1) Find rank-k penalized SVD with fixed alpha_u/v and lambda_u/v by calling cpp_sfpca described above;

2) Run nested-BIC search on 2-D grids, whose axises could be a combination of any two parameters, by calling cpp_sfpca_nestedBIC. cpp_sfpca_nestedBIC does some sanity check and then calls MoMA::select_nestedBIC; https://github.com/michaelweylandt/MoMA/blob/7c8fd20fbd18d9cbfe21837bacd8ad401853efa6/src/moma_R_function.cpp#L179

3) Run grid search on 2-D grids by calling cpp_sfpca_grid, which uses MoMA::reset and MoMA::solve; https://github.com/michaelweylandt/MoMA/blob/7c8fd20fbd18d9cbfe21837bacd8ad401853efa6/src/moma_R_function.cpp#L80

Where it is used in the testsuite: It tests that prox arguments are correctly passed to C++ side (see test_argument.R https://github.com/michaelweylandt/MoMA/blob/7c8fd20fbd18d9cbfe21837bacd8ad401853efa6/tests/testthat/test_arguments.R#L1 ). We also test that cpp_sfpca_grid and cpp_sfpca give identical result (see test_grid.R https://github.com/michaelweylandt/MoMA/blob/7c8fd20fbd18d9cbfe21837bacd8ad401853efa6/tests/testthat/test_grid.R#L1).

3 MoMA::grid_BIC_mix

This will become the core of SFPCA wrappers (in progress). It supports finding the first k pairs of singular vectors, and the combination of nested-BIC search and grid search.

Where it is used in the testsuite: We test that it gives correctly sized lists. See https://github.com/michaelweylandt/MoMA/blob/7c8fd20fbd18d9cbfe21837bacd8ad401853efa6/tests/testthat/test_BIC_gird_mixed.R#L1

michaelweylandt commented 5 years ago

This is a great issue - thanks for opening!

Do you think it'd be possible to consolidate down to a single C++ entry point or is that too tricky to design?

As you mentioned in a recent email, it's tricky to have grid parameters and multi-rank solutions. (It's ok if it's a "grid" of a single parameter, but it's hard after that...) That might just be a thing we disallow until we can (someday) find a better fix.

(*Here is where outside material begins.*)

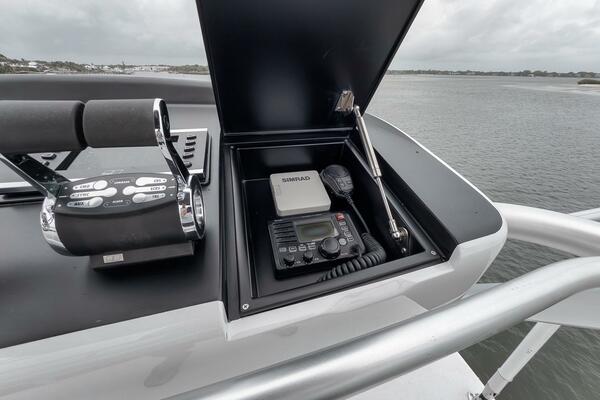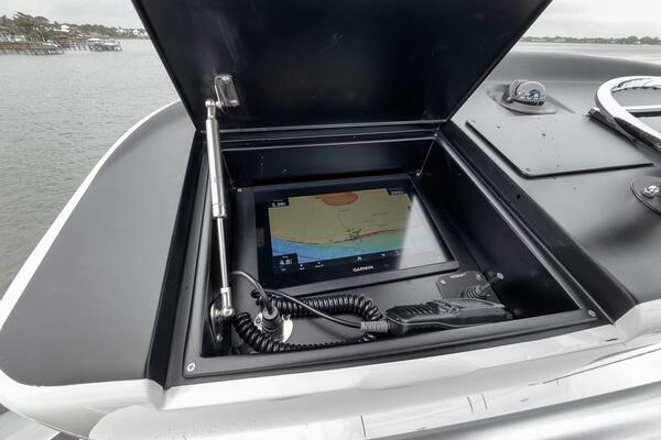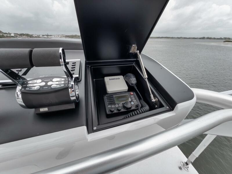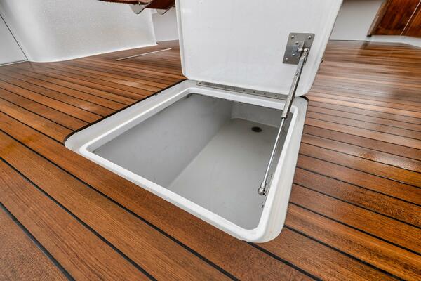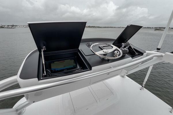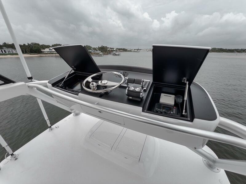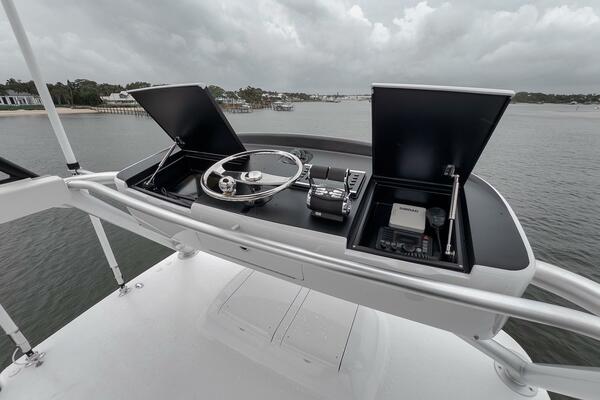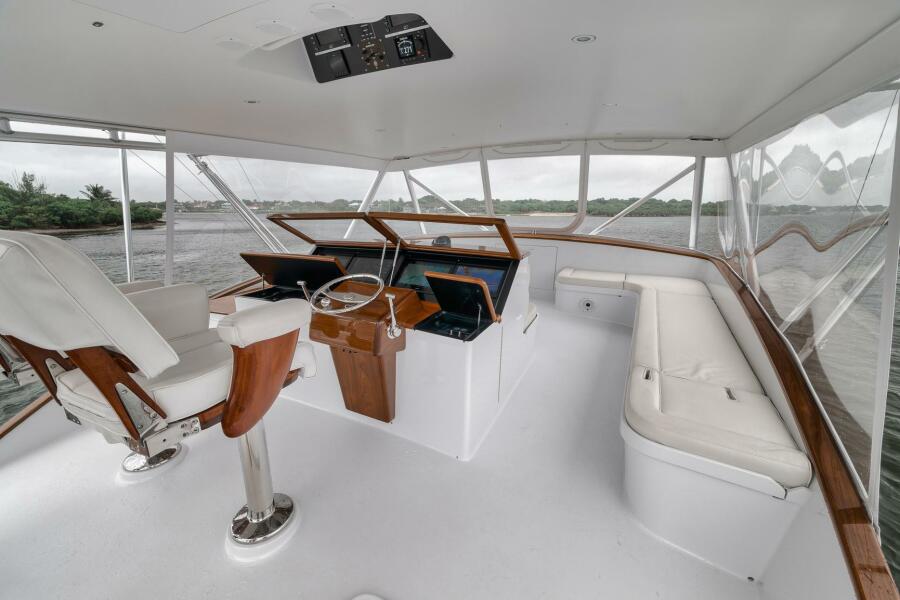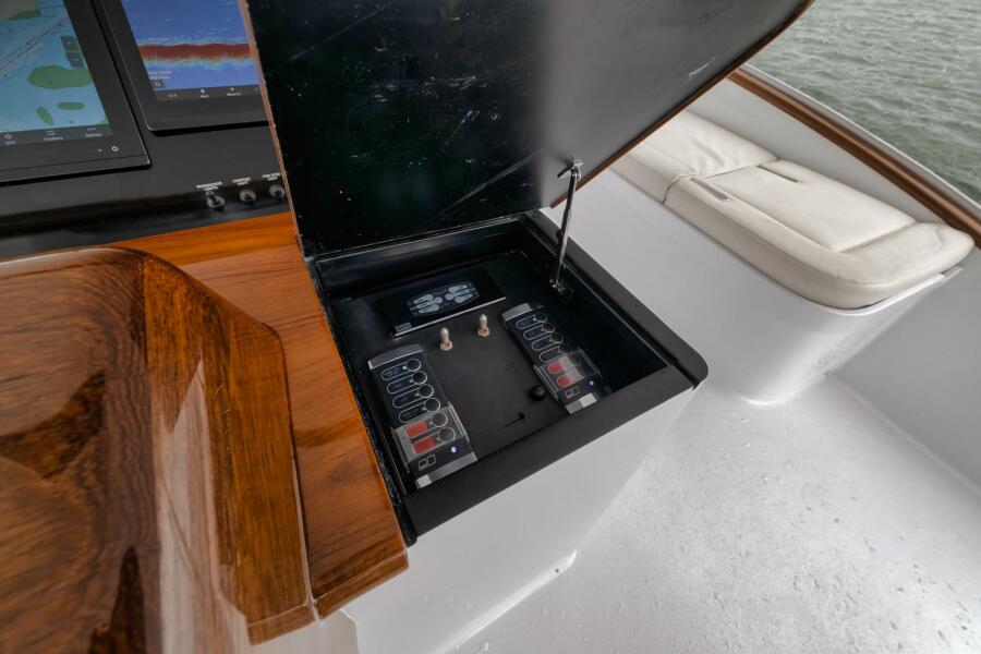 The mezzanine is a standout feature, combining luxury and functionality to enhance both the fishing experience and guest comfort. Positioned just above the cockpit, it provides an excellent vantage point for watching the spread or relaxing in the shade while underway. Cushioned seating with plush upholstery invites guests to lounge in comfort, and the space is thoughtfully designed with over head AC, drink boxes, and tackle drawers within easy reach—keeping everything organized and accessible without ever stepping foot into the salon.

Banana1530 commented 5 years ago

An update on current APIs' location.

Docs: https://docs.google.com/document/d/1TM-VW6nR_8CjlLjJ3SrFF6nJVXjeMFD2jDfKOktgPJM/edit?usp=sharing

Banana1530 commented 5 years ago
Argument specification Function Use case
Specify all arguments explicitly sfpca sfpca.R sfpca(X, alpha_u = 1, alpha_v = 2, Omega_u = sec_diff_mat(n), Omega_v = diag(p), EPS = 1e-9, MAX_ITER = 1e+5)
Parameter values and penalty types are separated; algorithm precision settings are wrapped in moma_pg_settings() moma_svd, SFPCA$initialize ... moma_expose.R SFPCA$initialize(X, u_sparsity = lasso(), lambda_u = c(1,10), selection_str = "ggbg" )
Parameter values and selection method are absorbed in penalty types moma_sfpca, moma_twpca ... moma_sf*_wrapper.R moma_spca(X, u_sparse = moma_lasso(lambda = seq(0, 2, 0.2), select_scheme = "b") )

The above table summarizes ways to specify penalty arguments.